A 3.7 kW resonant wireless charging system (WCS) is proposed to realize the energy transmission for electric vehicles. In addition to designing the electrical modules functionally, coupling coils are designed and verified by physical prototype, which guarantees the accuracy of coils and subsequent simulations. Then, we focus on the magnetic field distribution of coupling coils in the vehicle environment. Four points (A1, A2, A3, A4) in different regions and three points (the head B1, chest B2 and cushion B3) in the driving seat are helped to measure the magnetic field strength. The magnetic field distribution of coils under five offsets of 60 mm, 120 mm, 180 mm, 240 mm and 300 mm are analyzed theoretically and simulated correspondingly. The simulation results indicate that the magnetic field strength of test points are within the limits, but the strength at A3 is larger than 30.4 A/m required by SAE J2954 at 40% offset and 50% offset.

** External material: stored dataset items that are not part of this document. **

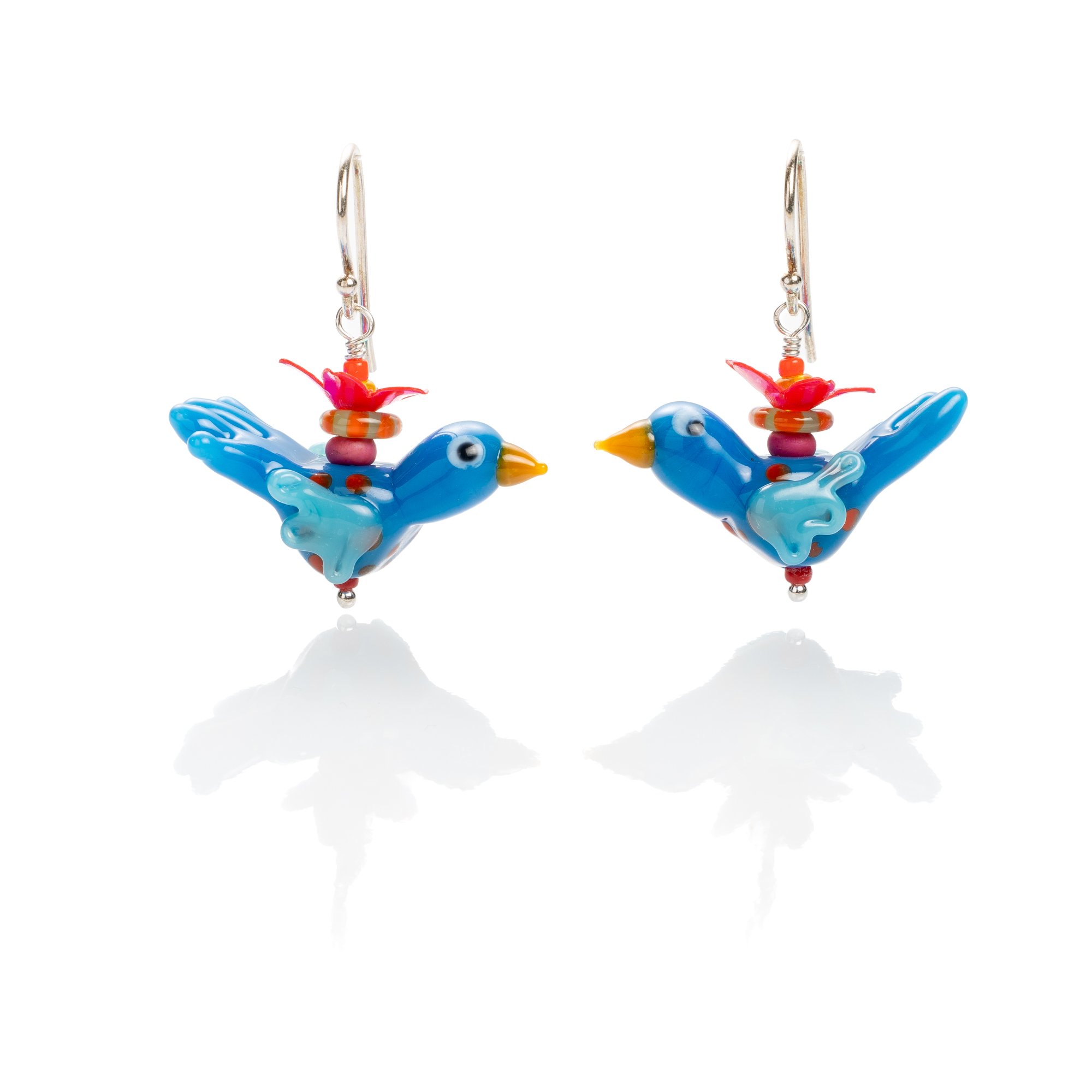 Mexico-inspired bird earrings in joyful colors. Made from handmade glass beads, seed beads, flower sequins and sterling silver findings. They hang 1-1/2" from the top of the loop. The bird is 1-1/4" long, from beak to tail.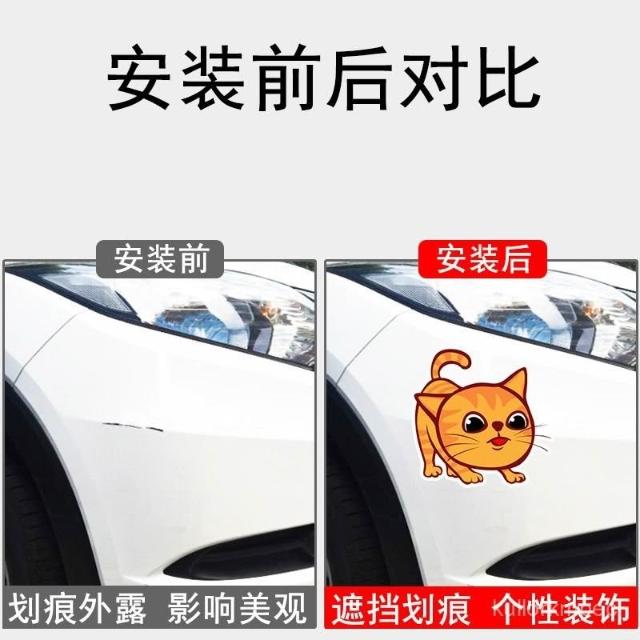 卓貼 車貼遮擋劃痕側麵卡通可愛貓咪前保險槓遮蓋颳痕汽車貼紙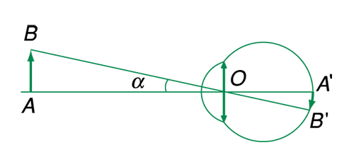 Khái niệm: Góc trông vật là góc tạo bởi hai tia sáng xuất phát từ hai điểm A và B tới mắt. Phụ thuộc vào kích thước vật và khoảng cách từ vật đến mắt.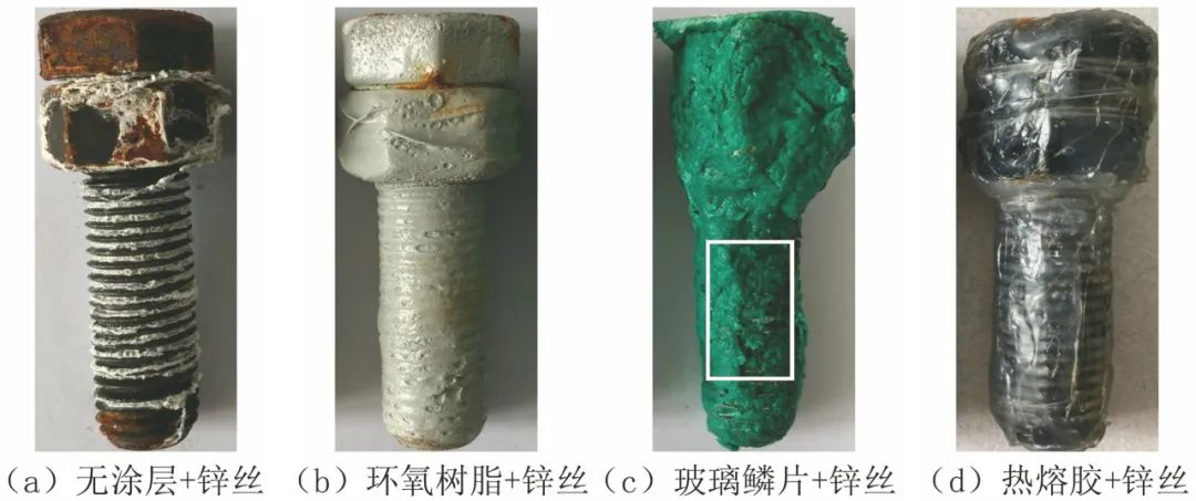 图8 盐雾腐蚀72小时后不同防腐蚀涂层+锌丝螺栓的宏观形貌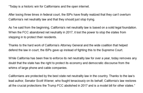 My statement, background & details: https://cyberlaw.stanford.edu/blog/2022/05/isps-drop-legal-fight-against-california-net-neutrality-law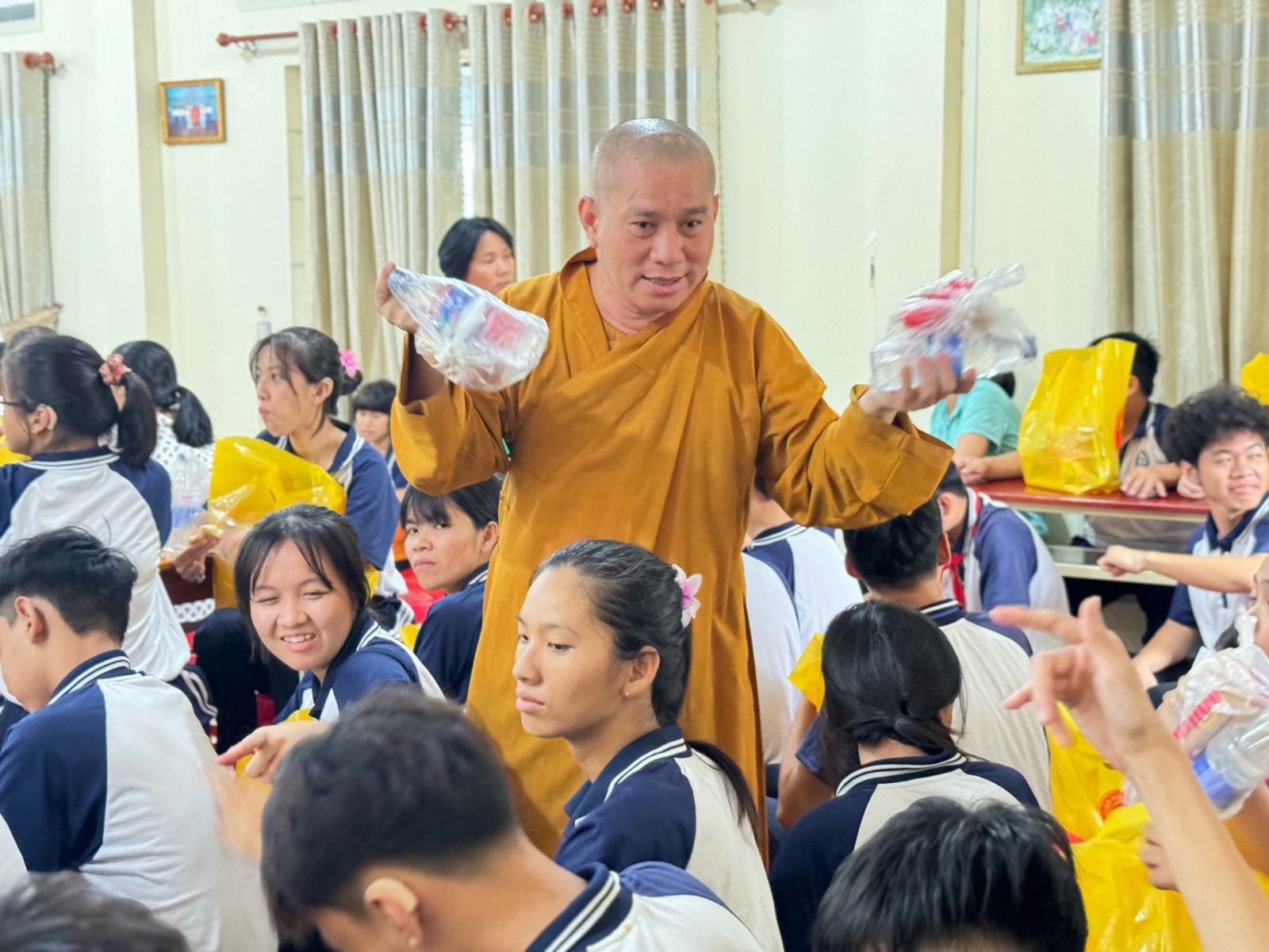 Với mục đích ai cũng được an vui và hạnh phúc, ĐĐ. Thích Nguyên Thông cùng với quý mạnh thường quân chia sẽ niềm khó khăn của bà con hướng về ngày Phật đản sanh.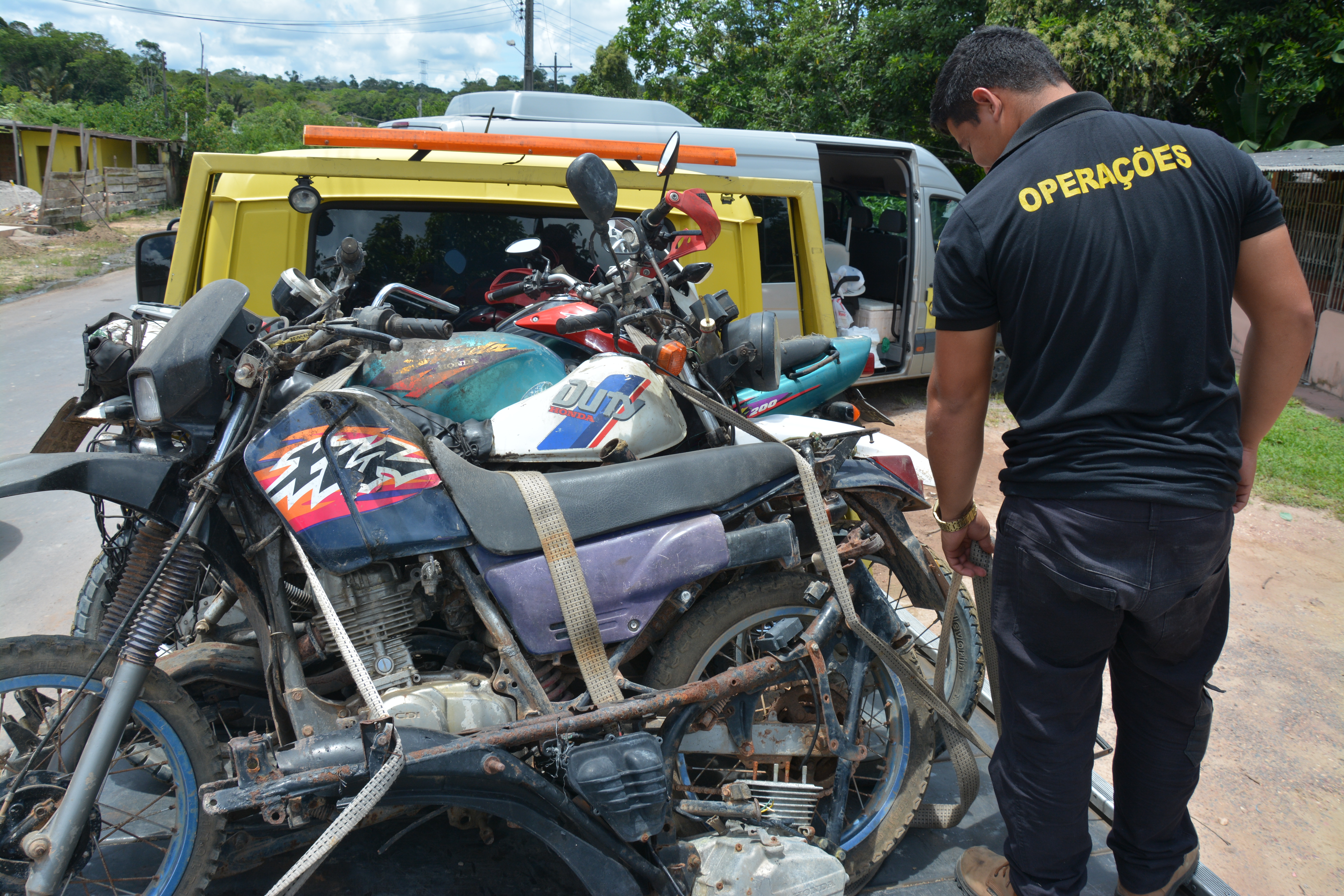 Na operação, cinco motocicletas foram apreendidas em um sítio, localizado em uma estrada do ramal do “Pau Rosa”. A suspeita era de que o local era usado como área de desmanche dos veículos. As motos estavam sem a documentação e possuíam o chassi adulterado. Uma delas estava sem o motor e outras já tinham sido retiradas algumas suas peças.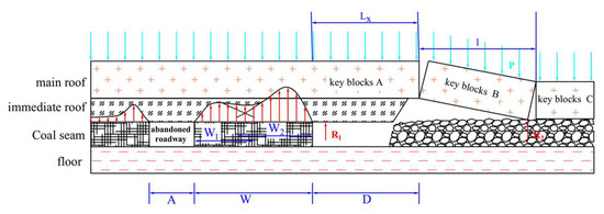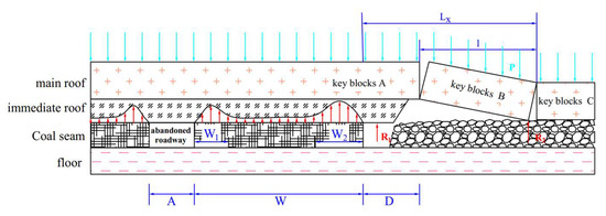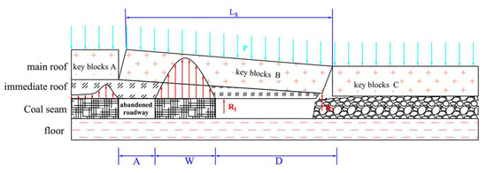 The coal pillar is not only required to carry the load of its own overlying strata but also the load of the overlying strata of one-half of the abandoned roadway and a significant portion of the load of the overlying strata of the cantilever beam on the goaf-side, so the static load set on the coal pillar is: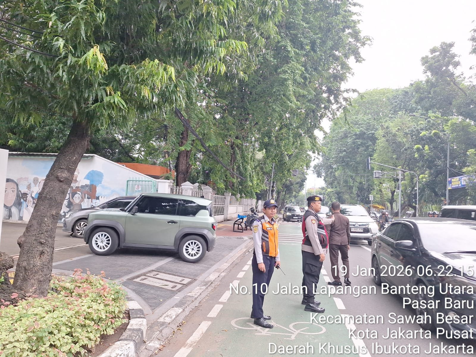 Waka Polsek Sawah Besar dan jajaran Provos lakukan pengecekan dalam Kegiatan tersebut yang dilaksanakan pada Senin pagi, 19 Januari 2026 pukul 06.00–08.00 WIB, dengan lokasi pengaturan meliputi TL Wahidin, TL Pertigaan Katedral, TL Depan Ursula Banteng Utara, dan TL MBAL Gunung Sahari. Total 11 personel gabungan dikerahkan, terdiri dari Satlantas, PMJ, dan Polsek Sawah Besar. Hasil pemantauan menunjukkan arus ramai lancar dan situasi aman terkendali.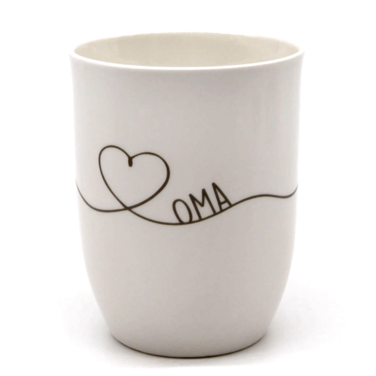 Tasse mit Henkel -Herz geschwungen Oma- anthrazit
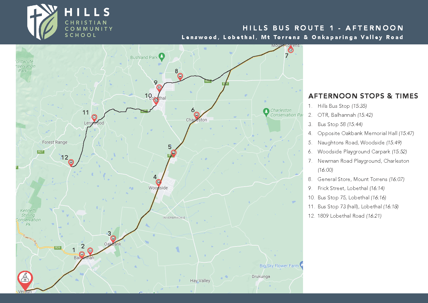 BUS ROUTE 1 – Birdwood, Mt Torrens, Lobethal & Onkaparinga Valley Road.
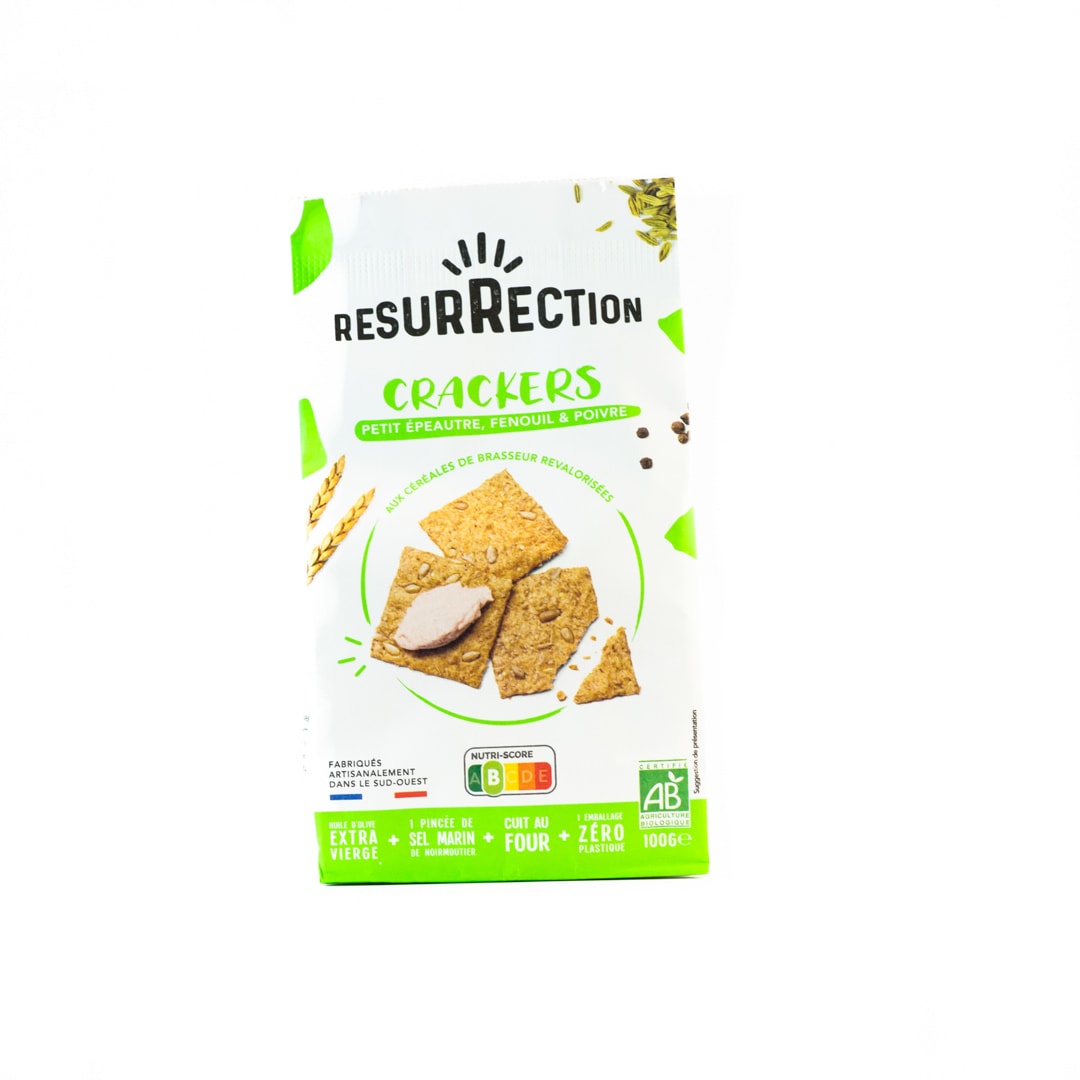 Crackers Résurrection – drêches, petit épeautre, graines de fenouil BIO (100g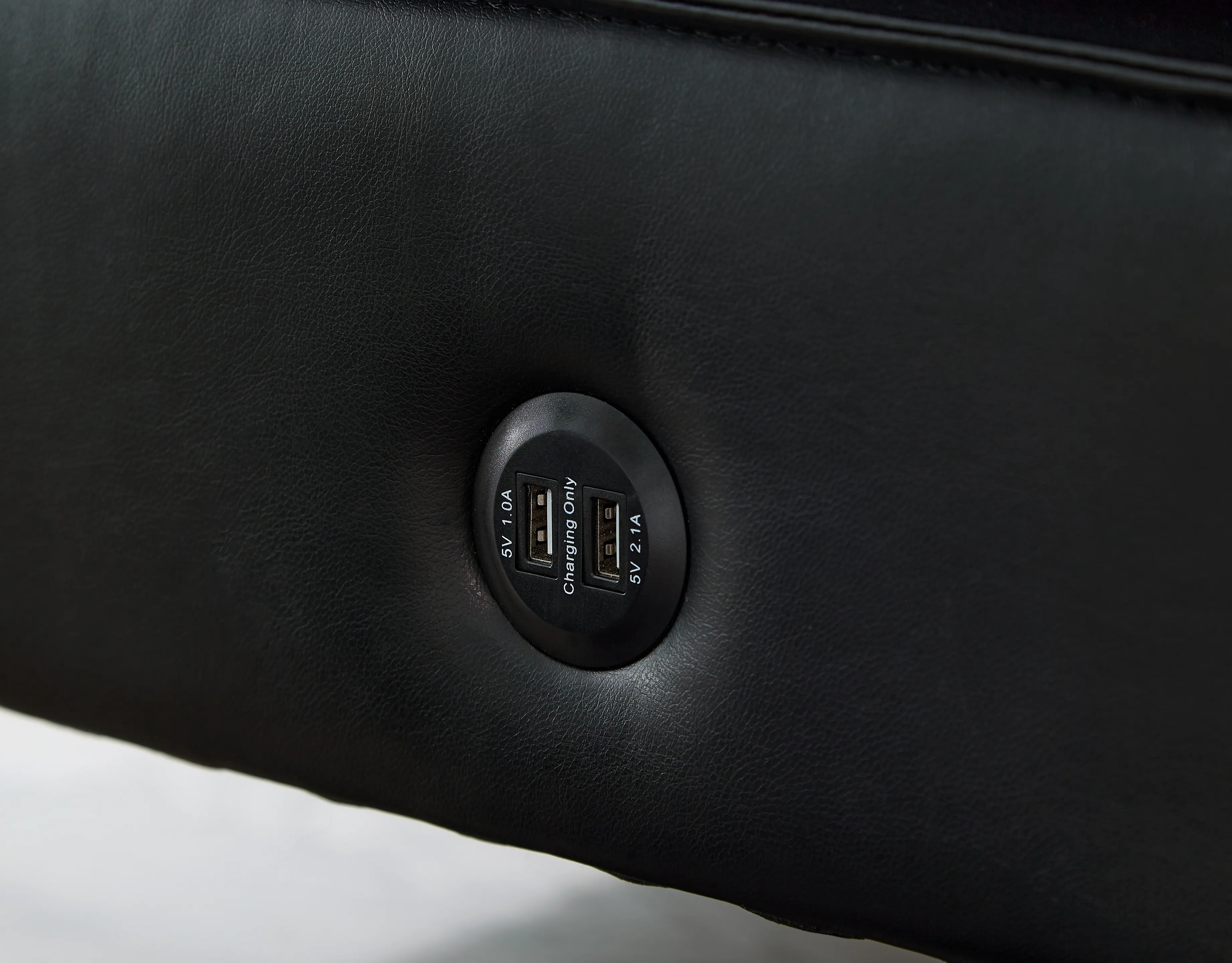 • Tufted details; narrow stitching

Taking into account the composition of the actual magnetic field, the magnetic field distribution due to side-band and odd harmonic current are also obtained. An experimental bench for the proposed 3.7 kW WCS is built to validate the rightness and feasibility of the simulated scheme. The results of simulation and experiments of magnetic field distribution have less error and are often in good agreement.

Suggested Citation

  • Li Zhai & Guangyuan Zhong & Yu Cao & Guixing Hu & Xiang Li, 2019. "Research on Magnetic Field Distribution and Characteristics of a 3.7 kW Wireless Charging System for Electric Vehicles under Offset," Energies, MDPI, vol. 12(3), pages 1-21, January.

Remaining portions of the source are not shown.